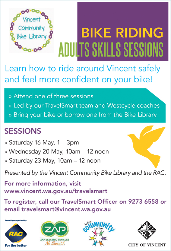 CYCLISTS might soon be able to ride on the footpath under new state government legislation, but until then many newbie cyclists remain fearful of riding on the road. Westcycle and the RAC are holding adult bike skill sessions for folks who never learned the basic laws of helmets, bells and lights, road rules, or how to take off in a properly postured “power position”. There are three sessions (free for Vincent residents, $10 for aliens), May 16, 20 and 23 at the Loftus Street carpark, call 9273 6558 or email travelsmart@vincent.wa.gov.au to get on board.
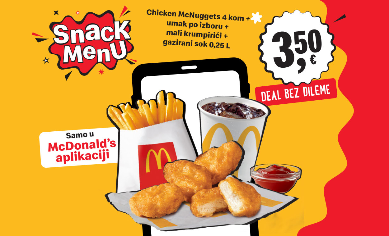 Uz pet standardnih izbora malih sendviča za Snack Menu, u aplikaciji te čeka kupon za super kombinaciju od četiri Chicken McNuggets zalogaja, umak po izboru, malo piće po izboru i male krumpiriće. Sve to samo za 3,50 eura!
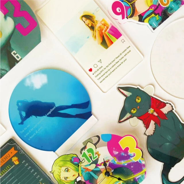 さらに、アクリル部分はダイカット加工に対応しており、デザインに合わせた自由な形で制作が可能です。キャラクターやアーティスト、スポーツ選手などのポーズやシーンに合わせてカットすることで、躍動感あふれるオリジナルアイテムを作り出せます。

= = = = =

» **WORK REQUEST**
Transcribe only the lines from the one holding "Uz pet standardnih" through the last line of the listing above, inclusive, and do not include the pictures.

» **RESPONSE TO THE TASK**
 Uz pet standardnih izbora malih sendviča za Snack Menu, u aplikaciji te čeka kupon za super kombinaciju od četiri Chicken McNuggets zalogaja, umak po izboru, malo piće po izboru i male krumpiriće. Sve to samo za 3,50 eura!
 さらに、アクリル部分はダイカット加工に対応しており、デザインに合わせた自由な形で制作が可能です。キャラクターやアーティスト、スポーツ選手などのポーズやシーンに合わせてカットすることで、躍動感あふれるオリジナルアイテムを作り出せます。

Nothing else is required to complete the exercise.